Inaccuracy and Bias are Built-In
AI models are trained on vast amounts of human-generated text, as a result, they may reflect and perpetuate biases and errors present in this data. Companies producing AI models often put barriers in place to prevent inaccuracy and bias, but their presence and effect are often difficult to correct.
Hallucination
When AI generates incorrect information, it’s called a “hallucination." Since it is difficult at times to tell where an AI tool is sourcing its data, as a researcher, you have the responsibility to review and identify sources.
Errors
AI models make mistakes. Although they process and analyze data at incredible speeds, they simply don't possess the intuitive understanding or judgment that a human possesses. We should always review and contextualize its outputs.

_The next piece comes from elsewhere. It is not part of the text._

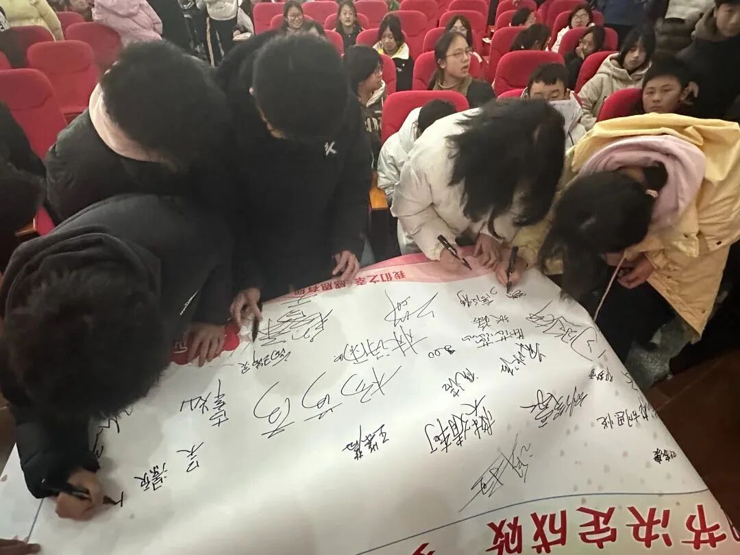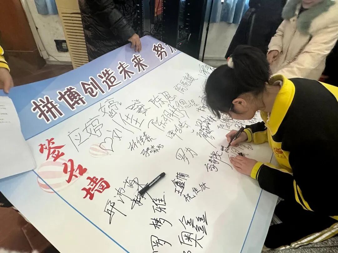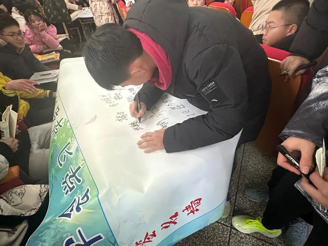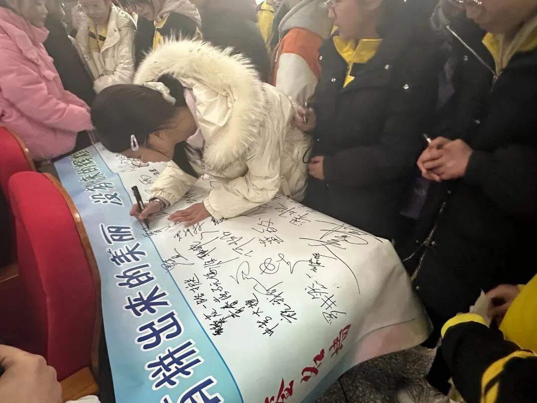 全体九年级同学的誓言震撼天地,他们付诸行动,不惧风雨。老师和同学们在中考励志板上一一签名。一个名字,信守一纸承诺,担起一份责任。

Your professor may have included in the course syllabus a statement that addresses the use of AI tools. If not, ask them.
"All members of Tulane University have a responsibility to protect university data from unauthorized access or disclosure. Consistent with Tulane’s data governance, data management, and data classification policies, data classified as Level 2- Internal, Level 3-Confidential Data, or Level 4- Restricted should not be entered into publicly available generative AI tools. Information shared with generative AI tools using default settings is not private and could result in unauthorized access or disclosure of university proprietary, confidential or restricted data." (Source: https://ai.tulane.edu)
By design, ChatGPT and other generative AI collect the data you input to improve their models. It's important to limit the amount of personal information you share. As a user, making sure you’re omitting personal details in queries is a good first step. Review your tool to see how you may protect your privacy. For example, to limit what ChatGPT can save and use from your queries, you can turn off chat history and model training.